WOA Issue 51

WOA Issue 51

In this issue

  • Ubuntu 18.04 LTS “Bionic Beaver” released on April 26
  • CentOS 7.5.1804 and Continuous Release packages
  • MirageOS
  • SHA-3 in Armv8.4-A
  • Docker Consul official images from Hashicorp
  • LuaJIT light userdata
  • Fedora 28 for Raspberry Pi 3 B+

Ubuntu 18.04 LTS “Bionic Beaver” released on April 26

The latest Ubuntu 18.04 LTS release was announced on April 26, 2018.

Codenamed “Bionic Beaver”, 18.04 LTS continues Ubuntu’s proud tradition of integrating the latest and greatest open source technologies into a high-quality, easy-to-use Linux distribution. The team has been hard at work through this cycle, introducing new features and fixing bugs.

Ubuntu Server 18.04 LTS includes the Queens release of OpenStack including the clustering enabled LXD 3.0, new network configuration via netplan.io, and a next-generation fast server installer.

The Ubuntu archive for arm64 contains 75334 software packages, with many of them updated since the last 16.04 LTS release.

CentOS 7.5.1804 and Continuous Release packages

If you are running CentOS on Arm and are interested in upgrading to the latest, the arm-dev list for CentOS has instructions how to pull your release forward. The necessary changes reflect the new CentOS release environment which now provides CR (“Continuous Release”) packages for Arm systems.

In the past, we built for all architectures through different build systems, but for this new 7.5.1804 release (rebuilt from 7.5) we started to use a new build process to build for all arches in parallel through one single build system.

MirageOS

MirageOS is a library operating system that constructs unikernels for secure, high-performance network applications across a variety of cloud computing and mobile platforms. Code can be developed on a normal OS such as Linux or MacOS X, and then compiled into a fully-standalone, specialized unikernel that runs under a Xen or KVM hypervisor.

Instructions are provided for booting MirageOS on your A53-based single-board computer. The system is programmed in OCaml.

SHA-3 in Armv8.4-A

SHA-3 is a cryptographic hashing function. The 2017 extensions to the Arm architecture known as Armv8.4-A include hardware support for the SHA-3 algorithm.

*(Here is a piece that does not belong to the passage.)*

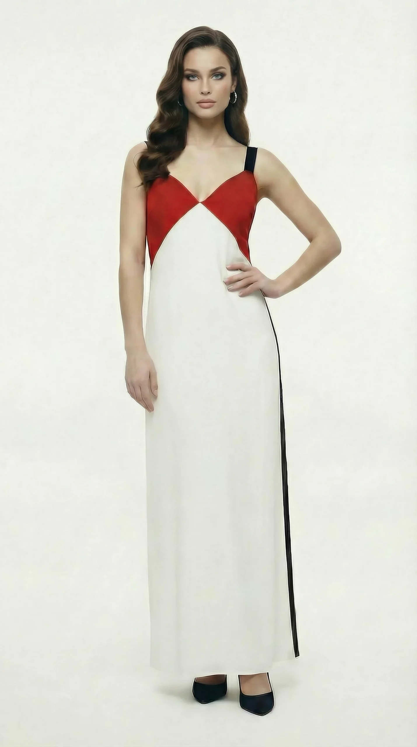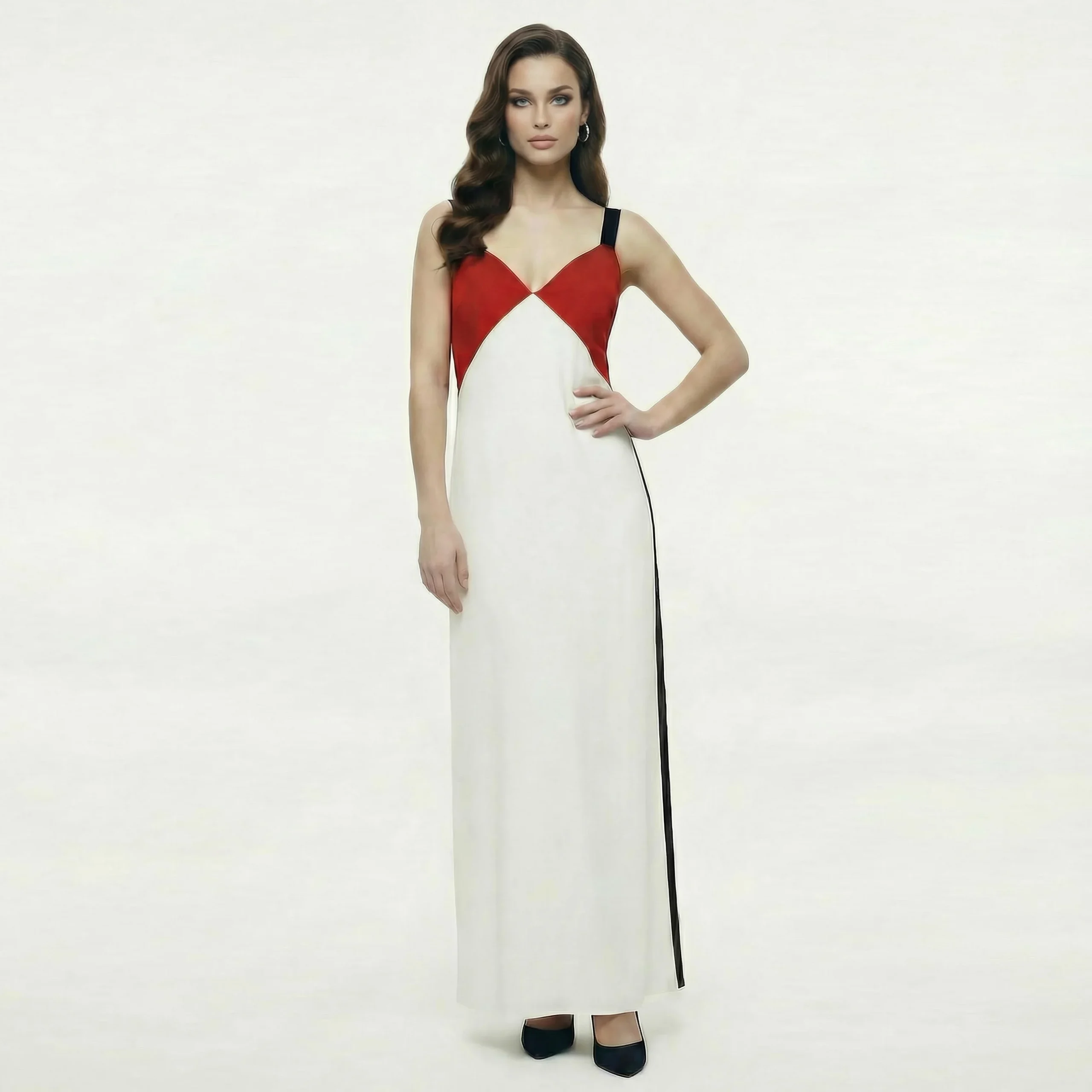 Fresco e dinamico vestito lungo estivo Twenty Easy by Kaos, caratterizzato da un elegante design tricolore in bianco, rosso e nero. Il modello presenta un raffinato scollo a V, spalline larghe nere a contrasto e profondi spacchi laterali che donano movimento alla silhouette. Realizzato in tessuto fluido, offre una vestibilità morbida in taglia S corrispondente alla taglia 42 italiana.

Is SHA-3 slow? It can be, when implemented in software, compared to other hashing algorithms. When done in FPGAs or implemented directly in processor hardware, though, the conclusion is very different:

Throughput for a given circuit area is an order of magnitude higher than SHA-2 or any of the SHA-3 finalists. And if you care beyond plain speed, note that it also consumes much less energy per bit.

Docker Consul

Docker Consul is a distributed key-value store. Work has been committed to bring this to a multiarch Docker container.

LuaJIT light userdata

LuaJIT supports a 47-bit data type which is used to store pointers as “light userdata”. This conflicts with the 48-bit data type in arm64 systems, and so work is necessary.

Peter van Dijk (@Habbie) has the following suggestions and recommendations for effectively addressing this issue:

Where addresses (the address of a type_info) were used as indexes, we replaced those with (semi-human readable) strings (the mangled type names)

Where addresses needed to be stored for later retrieval, we boxed them in a full userdata

Where we were using addresses as indexes but really didn’t need to, we replaced that with luaL_ref

Habbie’s work is going into PowerDNS, an open source name server and resolver software.

Fedora 28 for Raspberry Pi 3 B+

Peter Robinson has a good detailed writeup on the port of Fedora 28 to the new Raspberry Pi 3 B+.

The upcoming Fedora 28 GA release will support the Raspberry Pi 3 B+ to the same levels as the original 3 B on both ARMv7 and aarch64.

The new components on the board include a USB hub, Gigabit ethernet, and Wifi changes, which consumed most of the work for the porting efforts.